Postdoctoral research fellow Jo H. Kim, Ph.D., recently joined the staff of the Wellesley Centers for Women. Her project, Experiencing
Globalization: The Construction of Gender and Ethnicity in the Transnational Corporation (TNCs)Workplace, focuses on Korean immigrant women workers’ experiences of globalization in the workplace.

 

Kim examined the gendered work practices in Korean TNCs in the United States and the women’s responses to them as the subject of her dissertation. She is now addressing the specific features of the workplace that form practice and identity in particular ways. According to Kim, “the workplace and its particular features are a powerful agent in constructing ideologies, practices, and identity around gender. Because the globalizing workplace includes a division of labor that is defined by ethnicity and gender, the women workers in Korean TNCs cognitively construct gendered practices through ethnicity. Moreover, they use their own ethnicity to explain their responses to the gendered practices.
This ethnic construction has a strong implication for understanding inequality in the workplace because it reinforces and reproduces work practices and work structure.”

 

After many interviews with women workers in Korean TNCs in the United States, Kim found that the Korean women, regardless of their position in management or support positions, often interpret sexist work practices in ethnic terms, saying, “It’s the Korean way.” Moreover, the women explain their responses to the gendered practices in two ways.
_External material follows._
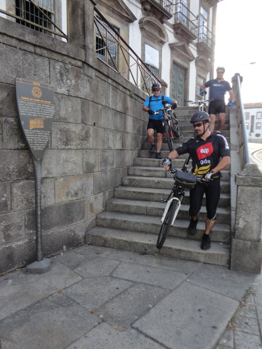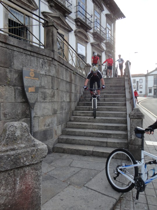Audazes para vencer os degraus das escadas, que optamos por descer, montados nas suas meninas, só os meninos Jorge Bastos e Sérgio Caban nos brindaram com tal feito, tendo todos os restantes achado melhor que não valia a pena estar a estragar a manhã com quedas desnecessárias, até porque, momentos antes, já o Mário se tinha atirado para os paralelos, na confusão que se gerou, quando a malta parou, ao chegarmos às escadas.
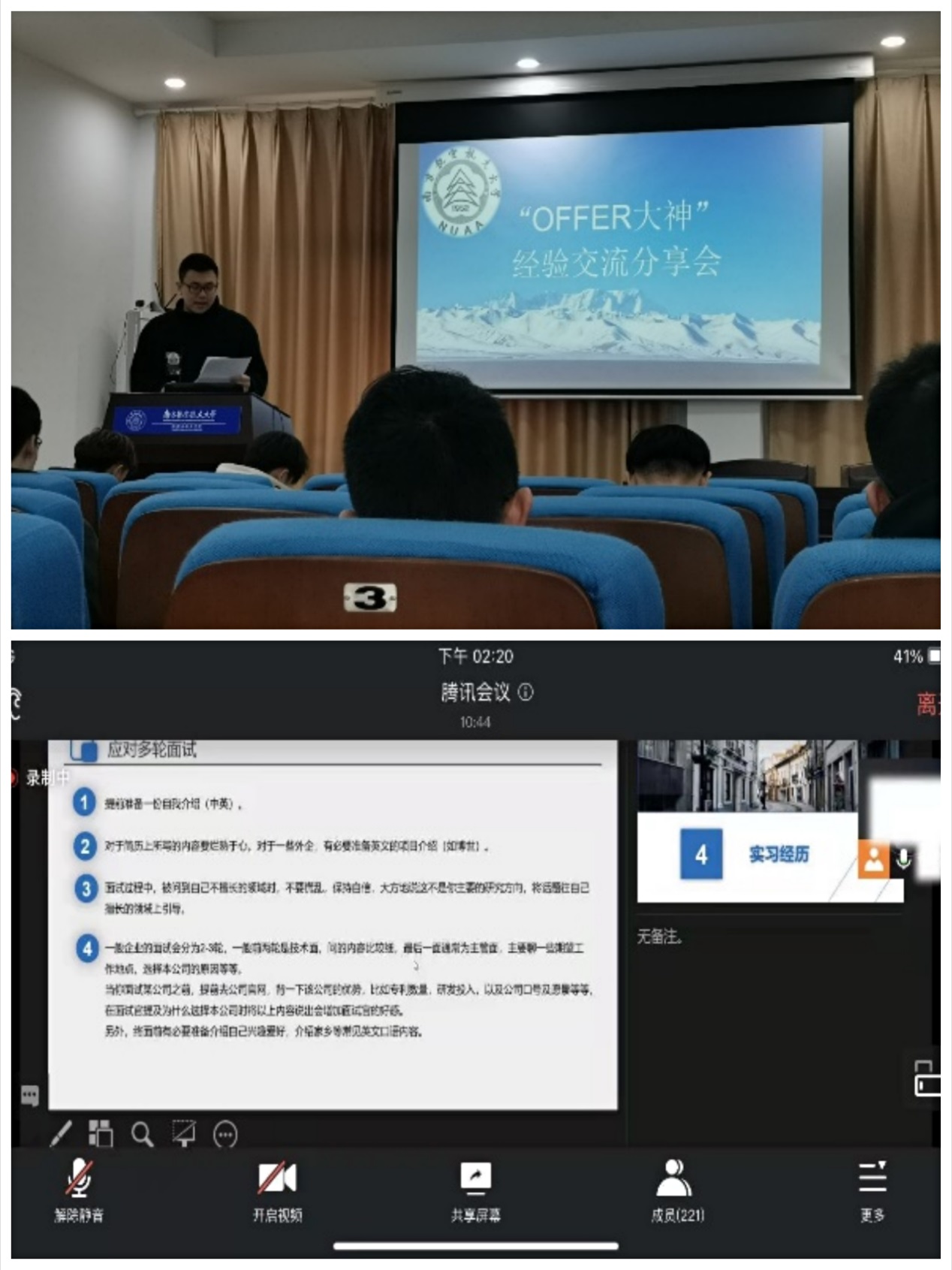 3月17日,学院举办“Offer大神交流会”,5位优秀的毕业生同学通过线上线下相结合形式,向学弟学妹们传授找工作的经验分享和答疑解惑。本次交流会由tyc7111cc太阳成集团研究生会承办。

They explain their acts of resistance as a function of their “Americanization,” while explaining their acts of accommodation as a function of their “Koreanization.” This ethnic construction of gendered practices, Kim points out, facilitates and perpetuates the gender stratification in the workplace. “Because work and identity are central features of the modern life,” Kim stated “this study enriches our understanding of the globalization process and how tt configures many dimensions of identity.”